(Data block Opens)

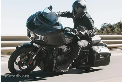 In the tavern where Harley Road Glides gather, the Challenger crashes its wheel into the counter. It looks at them, provokes them, and gives a handlebar twist on each side. Unlike other baggers from the brand, such as the Chieftain, its head doesn’t turn. It’s mounted on an aluminum chassis, not on the handlebar. Exactly the same specificity that distinguishes the Street and Electra Glide from the Milwaukee competitor; this lightens the steering.
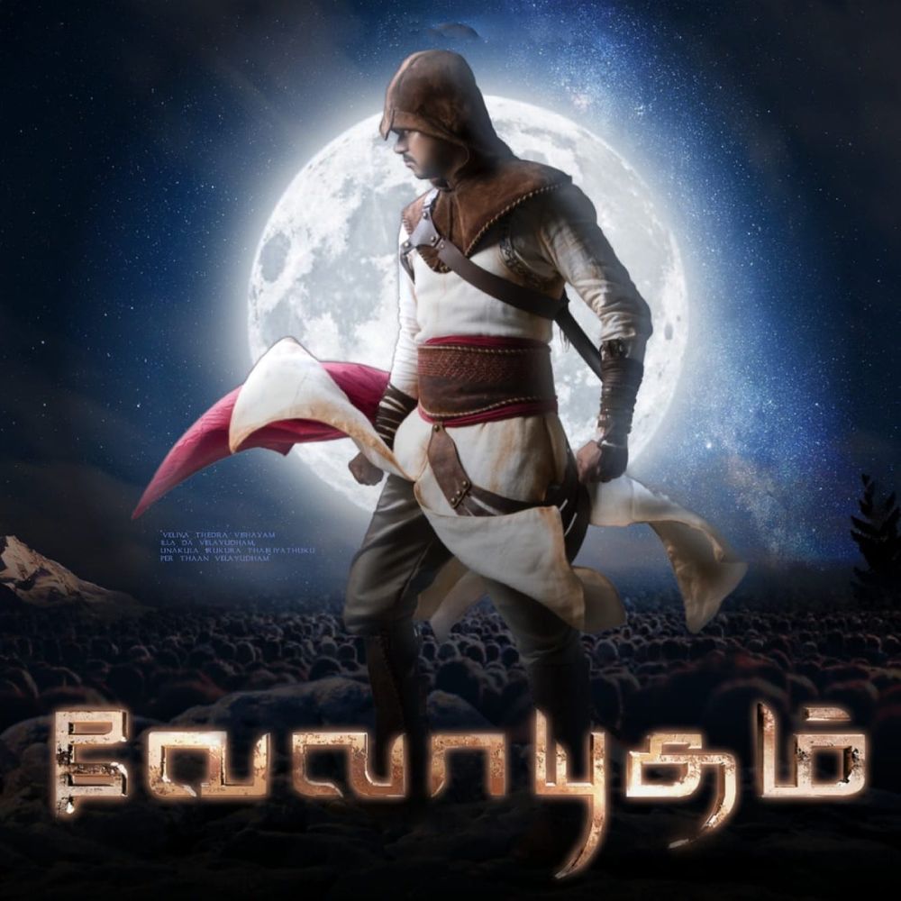Meanwhile there is Velayudham, an ordinary milkman living in a small village who dotes on his little sister (Sarnya Mohan) and his life revolves around her, though his cousin Vaidehi (Hansika) is crazy about him. One day Velu comes to Chennai to withdraw the money he had deposited in a chit fund for his sister's wedding. In the city, he meets Bharati and due to circumstances is forced to become the fictional character Velayudham, the heroic warrior and crusader who takes on the scum of the earth.
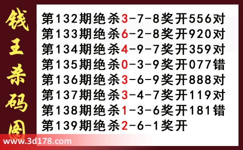 近期3d钱王杀码具体详情:
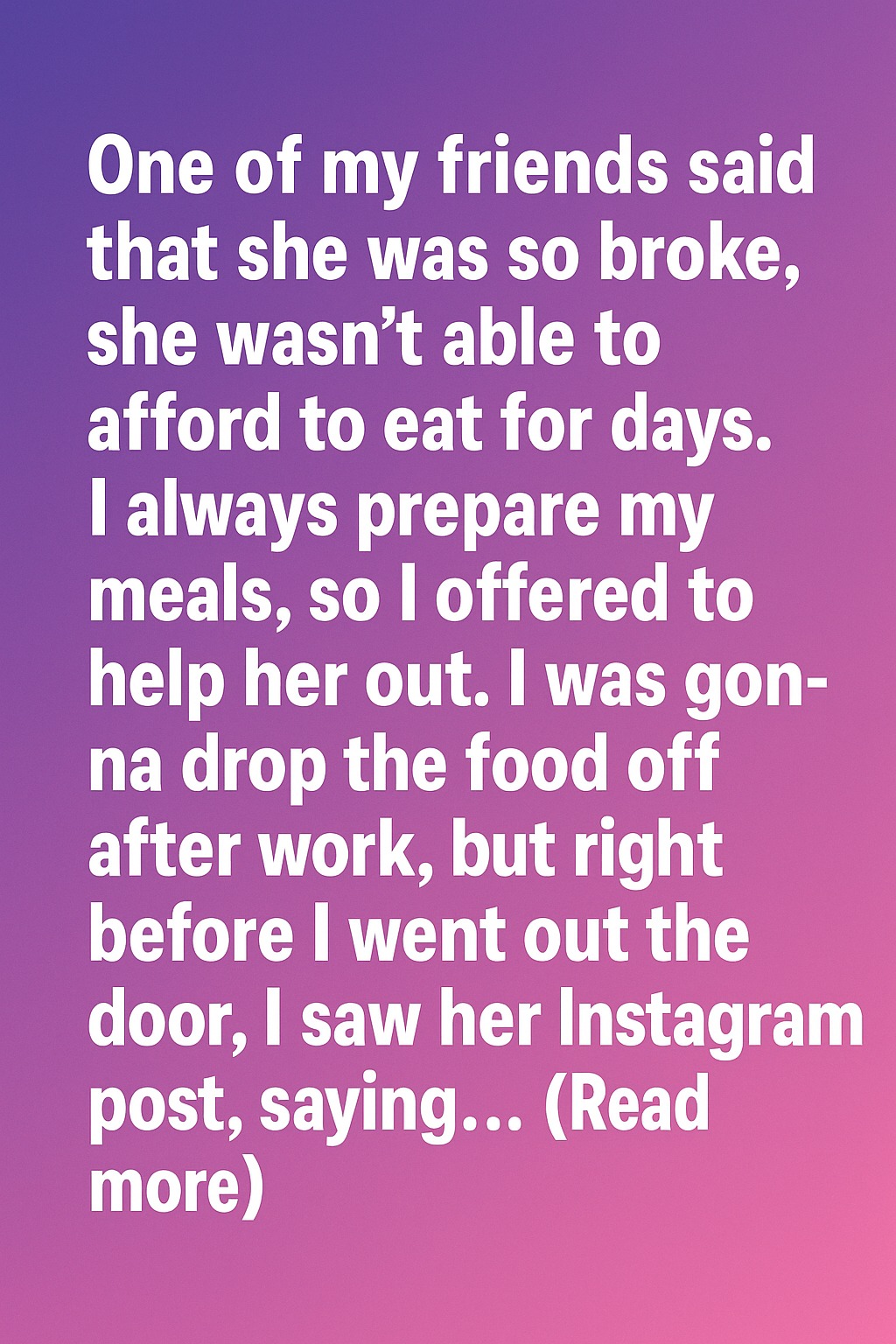 One of my friends said that she was so broke, she wasn’t able to afford to eat for days. I always prepare my meals, so I offered to bring her some after work. I packed everything carefully, hoping it would give her a little relief. But just before I walked out the door, I noticed her Instagram post. She was out with friends at a café, smiling over a dessert she said she couldn’t afford.

(Data block Closes)

[What is needed] From the line containing "Meanwhile there is" down to the end of the listing above, every line is to be returned exactly, though the pictures are not.

[Result of the task]
Meanwhile there is Velayudham, an ordinary milkman living in a small village who dotes on his little sister (Sarnya Mohan) and his life revolves around her, though his cousin Vaidehi (Hansika) is crazy about him. One day Velu comes to Chennai to withdraw the money he had deposited in a chit fund for his sister's wedding. In the city, he meets Bharati and due to circumstances is forced to become the fictional character Velayudham, the heroic warrior and crusader who takes on the scum of the earth.
 近期3d钱王杀码具体详情:
 One of my friends said that she was so broke, she wasn’t able to afford to eat for days. I always prepare my meals, so I offered to bring her some after work. I packed everything carefully, hoping it would give her a little relief. But just before I walked out the door, I noticed her Instagram post. She was out with friends at a café, smiling over a dessert she said she couldn’t afford.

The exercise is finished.